PROBLEM REQUIREMENTS >>
Each line below that holds the word "lower" counts once. Say how many such lines there are, and no more.
*** Opening of SUPPLIED INFORMATION ***
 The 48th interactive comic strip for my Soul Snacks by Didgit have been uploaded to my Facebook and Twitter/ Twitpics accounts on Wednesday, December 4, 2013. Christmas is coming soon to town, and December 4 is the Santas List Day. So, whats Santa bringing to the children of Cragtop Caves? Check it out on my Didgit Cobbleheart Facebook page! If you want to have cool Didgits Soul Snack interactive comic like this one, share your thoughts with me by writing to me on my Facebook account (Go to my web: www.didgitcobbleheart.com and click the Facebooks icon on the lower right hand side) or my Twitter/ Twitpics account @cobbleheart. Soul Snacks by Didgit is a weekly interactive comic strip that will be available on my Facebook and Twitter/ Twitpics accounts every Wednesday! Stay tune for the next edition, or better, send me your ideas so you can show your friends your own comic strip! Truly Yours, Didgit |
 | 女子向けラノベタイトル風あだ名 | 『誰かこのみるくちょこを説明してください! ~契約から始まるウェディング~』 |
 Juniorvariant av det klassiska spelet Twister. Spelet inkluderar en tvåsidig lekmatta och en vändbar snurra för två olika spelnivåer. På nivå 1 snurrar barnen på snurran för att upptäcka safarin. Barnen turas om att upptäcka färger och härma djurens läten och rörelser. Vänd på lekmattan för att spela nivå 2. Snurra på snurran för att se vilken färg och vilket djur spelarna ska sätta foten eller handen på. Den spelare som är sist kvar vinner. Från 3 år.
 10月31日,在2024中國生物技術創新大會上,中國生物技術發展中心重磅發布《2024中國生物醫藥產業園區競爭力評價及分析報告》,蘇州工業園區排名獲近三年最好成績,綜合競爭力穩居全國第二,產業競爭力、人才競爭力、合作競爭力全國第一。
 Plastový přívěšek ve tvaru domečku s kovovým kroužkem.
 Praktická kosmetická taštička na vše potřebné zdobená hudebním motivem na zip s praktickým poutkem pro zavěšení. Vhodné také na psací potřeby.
*** Close of SUPPLIED INFORMATION ***
*** Opening of SUPPLIED INFORMATION ***
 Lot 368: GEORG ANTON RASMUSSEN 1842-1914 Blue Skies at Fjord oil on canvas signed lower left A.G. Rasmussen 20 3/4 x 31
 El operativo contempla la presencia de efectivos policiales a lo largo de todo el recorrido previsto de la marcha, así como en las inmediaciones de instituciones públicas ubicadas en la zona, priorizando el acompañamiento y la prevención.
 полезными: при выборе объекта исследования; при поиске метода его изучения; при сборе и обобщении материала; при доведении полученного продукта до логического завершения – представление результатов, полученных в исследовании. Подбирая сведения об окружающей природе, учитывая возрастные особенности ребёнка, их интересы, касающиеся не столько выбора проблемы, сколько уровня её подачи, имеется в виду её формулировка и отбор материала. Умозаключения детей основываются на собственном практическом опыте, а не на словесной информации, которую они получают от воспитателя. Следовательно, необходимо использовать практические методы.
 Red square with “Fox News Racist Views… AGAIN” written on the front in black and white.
*** Close of SUPPLIED INFORMATION ***
*** Opening of SUPPLIED INFORMATION ***
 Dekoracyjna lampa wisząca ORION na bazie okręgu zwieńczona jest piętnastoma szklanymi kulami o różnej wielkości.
*** Close of SUPPLIED INFORMATION ***
WRITTEN RESPONSE >>
2